It has to be emphasised again that while we all see this duality appear intertwined these days, moreover, through the catchword “globalisation” many of its aspects have become part of the common discourse, coexistence has always been present in history, although to a much lesser extent. Many long-distance trade routes went over Hungary too, and our towns were integral parts of the international networks since the early Middle Ages. On the other hand, there is no doubt that since the reign of King Saint Stephen society organised itself into centres forming territorial hierarchies, and that later, during the Early and Late Modern Age, within the framework of a new type of administrative monarchy – indeed, in opposition to it – the national feeling that developed from the national consciousness of the nobility unified the society in a specifically Hungarian way. This identity could be mainly experienced through the national feeling and the common culture, as well as through the awareness of a statehood organised on a territorial basis and the extension of the territory possessed by Hungarians – irrespective of the sometimes rude changes that took place in the state and the territory occupied by it.
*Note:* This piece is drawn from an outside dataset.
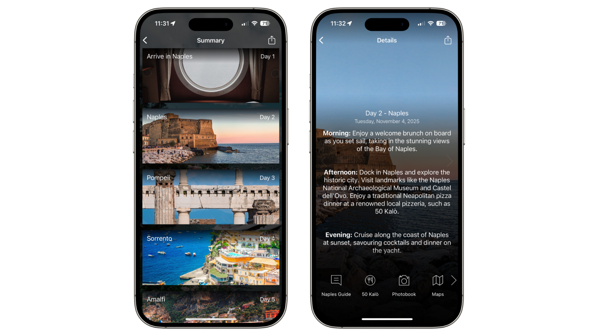 Day-to-day itinerary: Keep dates visible for experience-based trips.
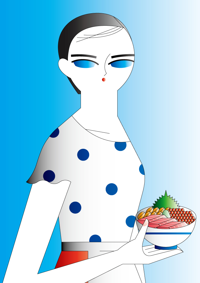 東京都在住。ファッションをテーマに女性を描くことを得意とし、シンボルマークのような図形的描写とシンプルな色使いが特徴。主な仕事に、銀座三越ウインドウディスプレイや表参道ヒルズシーズンヴィジュアルなどがある。

Since the peasantry constituted the great majority of the Hungarian population, the feelings about the nation were embraced, shaped and passed down through the mentality of peasant family households, where authority played an important role. It was this mentality that came later into contact, and then formed a symbiosis with, modern capitalism. In the meantime, the politics of the changing and modernising state remained territorial all along, even in the Communist period.
The duality of European society is natural, irrespective of how it is felt in practice, how important it is or what consequences it has during times of conflict. One last example, from a more distant past: the city of Bordeaux was a connecting link in the Atlantic trade, its society being shaped by its belonging to this network. But the army of the king of France occupied it again and again after the end of the Hundred Years War. Later a fort was built in the heart of the city as a symbol of the French monarchy, called Château Trompette, from the tower of which a trumpet was blared forth each night signalling that the sovereign’s army was there. It did not prevent Bordeaux, however, from trading slaves, importing sugar and selling its cognac in the Atlantic region, up to the Baltic. The close connection of these two different worlds was characterised not by competition, but on the contrary, by interdependence.
We could mention innumerable similar cases where this duality manifested itself quite clearly. And which – and our analysis boils down to this – appears also in today’s duality, the problem of the two Europes. After 1945, such a case was the creation of the North Atlantic Treaty Organisation, as it roughly corresponded with the geographical expanse of the old Atlantic trade. The creation of the European Union is also instructive in this regard.
The original six member states had constituted the “Rhenish Europe” – a Europe whose axis was the Rhineland and northern Italy. It was the main route of long- distance commerce since the Carolingian Empire. The founding fathers too came from these regions, with the exception of Jean Monnet who was a businessman from Cognac, near Bordeaux, and as part of the family tradition, he actually traded cognac as well, through the city of Bordeaux. Between the Schuman Declaration (1950) and the Treaty of Rome (1957), the core of a unified Europe was created, based on commercial and economic relations. In a sense the foundations were laid: from the free movement of goods and people to the common market, and the creation of a federal – i.e. transnational – organisation of Europe, with the aim of preserving peace. This was a networked Europe, created not by accident in the territory of the oldest European commerce society.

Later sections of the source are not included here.